Entre les deux bonshommes de neige assurant le guet, un banc public et, sur le banc, la sculpture d’un être humain en train de dormir. Les deux bras sont le long du corps, les jambes sont repliées sur elles-mêmes et penchent du côté de l’assise intérieure, histoire de ne pas choir pendant le sommeil.

Nos bancs ne sont pas conçus pour se coucher, ils encouragent la station brève, le répit temporaire, jamais l’installation. Le dormeur enneigé aura tenu trois nuits, dans une température à moins cinq degrés. Le retour d’une météo plus clémente, puis de la pluie, l’aura fait fondre sur place.

Le banc est resté. C’est même la dernière chose encore exploitable dans ce petit square de la Rive droite, aménagé avec presque rien au pied des voies ferroviaires, le long du chemin Galiffe. Dans le presque, il y avait une autre sculpture, en bronze celle-là, prénommée «Corinne». Un ancien conseiller administratif avait à l’époque décrété que l’endroit où il venait chaque jour promener son chien méritait bien d’avoir son œuvre artistique.

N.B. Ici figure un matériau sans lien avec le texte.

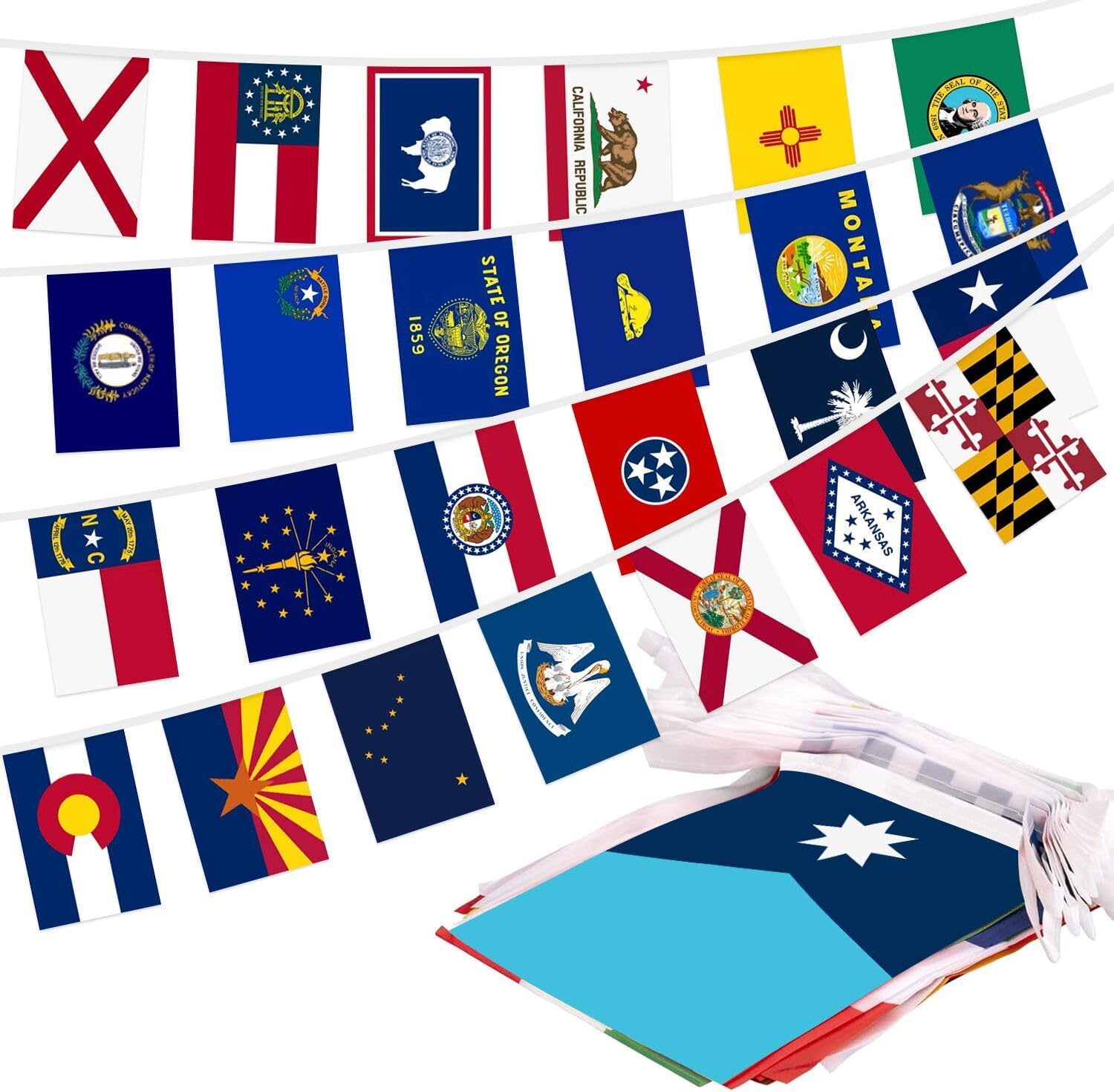 USA 50 States String Flags Banner for 250th Anniversary Decoration, 6x9 Inches Each, Double-Sided, 41 ft Long, Fade-Resistant, Vivid Colors, Indoor Outdoor Decor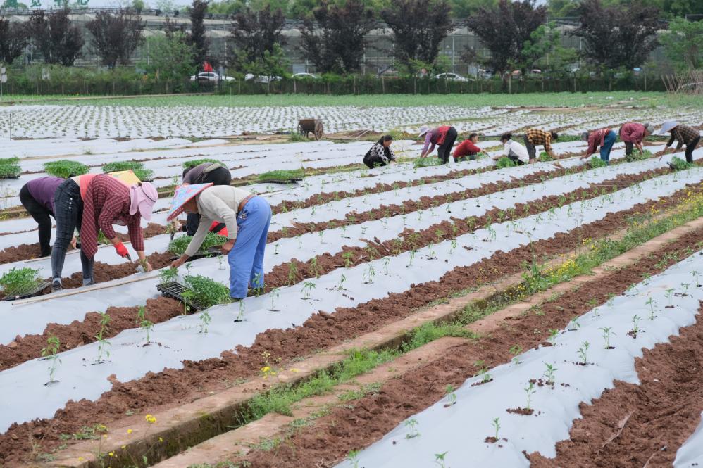 在重庆科光种苗繁育中心,工人们正将培育出的幼苗进行试种。新华社记者吴楠 摄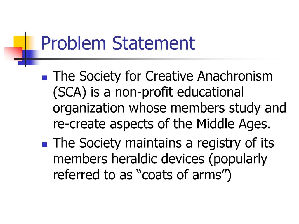 Harold the Herald: An Automated Heraldic Conflict Checking System by David P. Salley. Problem Statement. The Society for Creative Anachronism (SCA) is a non-profit educational organization whose members study and re-create aspects of the Middle Ages.

Elle a été déposée dans les mauvais jours, les beaux jours ne l’ont pas fait revenir. Le futur chantier CFF de la gare souterraine de Cornavin l’obligera à s’exiler ailleurs dans la ville. On lui cherchera une nouvelle adresse; on finira bien par la lui trouver. Sa sœur jumelle, «Clémentine», trône derrière le marchand de marrons de la place du Bourg-de-Four; son avenir est moins compromis. Banc en sursis: c’est à lui que l’on pense, été comme hiver, ainsi qu’à ceux qui le fréquentent assidûment. Ce parc miniature, recouvert de copeaux pour simplifier le travail d’entretien des jardiniers qui l’ont, eux aussi, déserté, ressemble plus que jamais à une Halte de nuit en plein air.

Les «refusés» de l’Armée du salut, dont les proches baraquements en bois affichent souvent complet, terminent leur soirée ici, entre le muret raviné et ce mobilier qui appartient à tout le monde.

L’autre nuit, un jeune couple l’avait adopté, dormant tête-bêche sur un sac de couchage ouvert, afin d’adoucir l’inconfort des lattes. Au petit matin, ils étaient encore là, la mine bronzée, en train de se rafraîchir le visage à la fontaine. Des routards, des vrais, équipés de leur petit réchaud à gaz, prêts à découvrir notre ville, avant de sauter dans un train pour repartir plus au nord. «Nous voyageons avec le Pass InterRail, de Porto jusqu’à Berlin, glissent-ils au localier. Le monde vu du banc, on commence à bien le connaître. Vos bancs ne sont pas les plus doux sous les fesses, mais ils sont safe, c’est le plus important.» Le localier note, sans répliquer.